Naomi and her husband Elimelech lived during the time of the Judges of Israel. As Israelites, they were children of the Promise. They were the Chosen race of God and their sacred duty was to place trust in God and shine the light for the world. There was more than just a famine of food in Israel. There was a famine of Holiness. Naomi fled Israel with her husband Elimelech as a reminder to her that her king was God. The name Elimelech, translated from Hebrew, means "my King is God". Names have meaning. For secularists, this is nothing more than a literary device. But for Christians, this is Divine Providence. Fleeing from Israel with the constant reminder that her God was her king, Naomi, her husband, and her two sons, Mahlon and Chilion, would end up in Moab. Moab was an enemy of Israel and once again, her sons names give an ominous foreshadowing as to what is to come.

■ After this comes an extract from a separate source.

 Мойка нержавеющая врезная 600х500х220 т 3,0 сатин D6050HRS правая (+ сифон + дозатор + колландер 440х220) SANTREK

Mahlon mean "sickness" and Chilion means "wasting". Fleeing from Israel, the Church as it was in the Old Testament, Naomi sees her family wasting away even if they may now have food. For her venture into Moab, Naomi sees her husband Elimelech die. Signifying also her soon attachment to the Moabite tradition. Her sons marry two Moabite women, Ruth and Orpah. Ruth is wed to Mahlon and Orpah is wed to Chilion. It is not long after her sons cling to Moabite Pagan women that they also perish.

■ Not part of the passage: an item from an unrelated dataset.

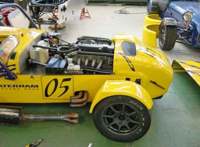 New CSR race car is in for a few repairs and tweaks. This is the car that Mark and I saw at the CSR launch, and one that has been used as a race development car.

It is in this that Naomi renames herself "Mara" meaning "bitterness" as she acknowledges the bitter hand that God has sent her. Widowed and with no children, she sadly sends her daughters-in-law to depart from her and find new men to marry. Naomi cannot bear them sons of her own to marry for even if she could still give birth, her daughters-in-law would have to wait for them to grow old enough to marry. Orpah leaves. In the New Testament, St. Paul spends time talking about the care of widows and what qualifies a widow. He permits widows to remarry but refuses to have younger widows put on the list of widows to be honored "for when their sensual desires alienate them from Christ, they want to marry" (1 Tim. 5:11). He would rather "have younger widows marry, bear children, and manage their households, so as to give the adversary no occasion to revile us" (1 Tim. 5:14) and any believing woman is to care for a relative of hers who is truly a widow (1 Tim. 5:16). We see in Orpah the first category of younger widow. One who is given over to her sensual desires, who runs off from her widowed mother-in-law refusing to care for her. In Naomi, we see a widow who is truly a widow. One who is to be honored for she has no sons to care for her and has reached an older age. In Ruth, we see the second class of younger widow who is managing her house, caring for her mother-in-law. For when Naomi sends her daughters-in-law away, Ruth clings to her and exclaims, "Thy people shall be my people and thy God shall be my God!" (Ruth 1:16-17) Ruth is exemplary of a younger widow, which is not to say all younger widows are required to marry, but they are required to manage their households and give the adversary no occasion to revile Christians.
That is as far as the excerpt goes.